» **What you are asked to do**
Somewhere below is a line with "Kit 12 Sousplats" and, later, a line with "Parte de El"; repeat those two lines and all the lines between them, exactly as they are.

» **Data shown**
════════════════════

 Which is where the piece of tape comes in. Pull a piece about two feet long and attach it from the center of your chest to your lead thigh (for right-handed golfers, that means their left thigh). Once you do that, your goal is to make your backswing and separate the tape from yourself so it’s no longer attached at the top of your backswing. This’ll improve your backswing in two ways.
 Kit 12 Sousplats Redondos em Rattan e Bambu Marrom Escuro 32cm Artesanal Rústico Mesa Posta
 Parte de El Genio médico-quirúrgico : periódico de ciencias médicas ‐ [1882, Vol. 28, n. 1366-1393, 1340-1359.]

════════════════════

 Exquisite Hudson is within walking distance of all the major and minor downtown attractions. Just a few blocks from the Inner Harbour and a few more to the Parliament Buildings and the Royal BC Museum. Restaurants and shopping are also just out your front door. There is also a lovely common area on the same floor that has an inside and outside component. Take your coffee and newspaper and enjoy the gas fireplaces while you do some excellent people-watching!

════════════════════

» **Solution**
 Kit 12 Sousplats Redondos em Rattan e Bambu Marrom Escuro 32cm Artesanal Rústico Mesa Posta
 Parte de El Genio médico-quirúrgico : periódico de ciencias médicas ‐ [1882, Vol. 28, n. 1366-1393, 1340-1359.]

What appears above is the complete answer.